Clarck Nsikulu

Personal information
- Full name: Clarck Nsikulu Nsumbu
- Date of birth: 10 July 1992 (age 34)
- Place of birth: Lille, France
- Height: 1.80 m (5 ft 11 in)
- Positions: Left winger; forward;

Youth career
- 0000–2012: Lille
- 2012–2013: Évian

Senior career*
- Years: Team / Apps / (Gls)
- 2011: Lille B / 2 / (0)
- 2012–2014: Évian B / 22 / (11)
- 2012–2016: Évian / 62 / (8)
- 2016–2017: Stade Lavallois / 27 / (1)
- 2017–2018: Platanias / 29 / (5)
- 2018–2021: Atromitos / 66 / (7)
- 2021–2022: Boulogne / 30 / (6)
- 2023–2024: Wasquehal / 17 / (7)
- 2024–2025: Beauvais / 11 / (3)
- 2025–2026: La Roche VF / 30 / (7)

International career^{‡}
- 2013: DR Congo U20 / 4 / (0)

= Clarck Nsikulu =

Congolese footballer (born 1992)

Clarck Nsikulu Nsumbu (born 10 July 1992) is a professional footballer.

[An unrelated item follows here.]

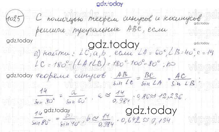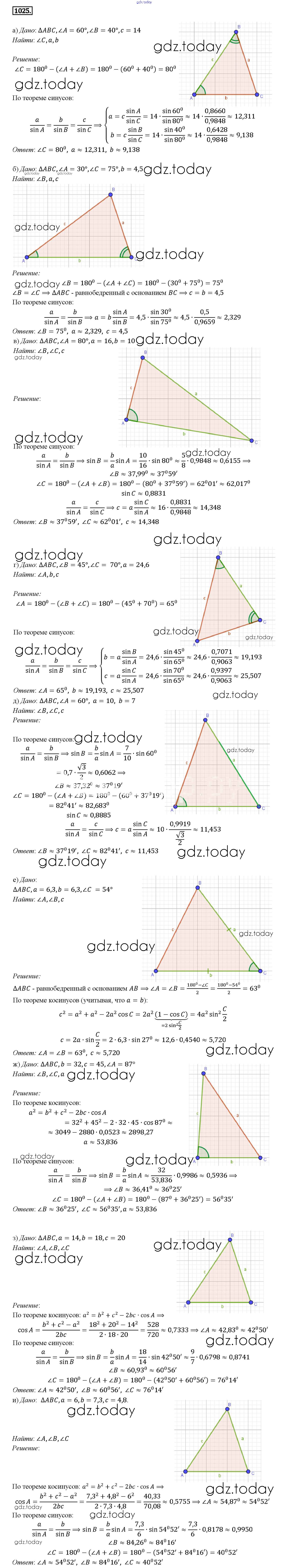 Ответы к Решение. Задачи 1025 Учебнику по Геометрии для 7-9 класса Атанасян, Бутузов Просвещение 2010

Born in France, he represented DR Congo internationally.

==Club career==
Born in Lille, France, Nsikulu joined Évian in January 2012 from Lille OSC. He made his Ligue 1 debut during the 2012–13 season. In his first season with Évian, he scored one goal out of six games. On 4 December 2013, he scored the opening goal in 2–0 home win over Paris Saint-Germain.

==International career==
Nsikulu represented the DR Congo U20 at the 2013 Toulon Tournament.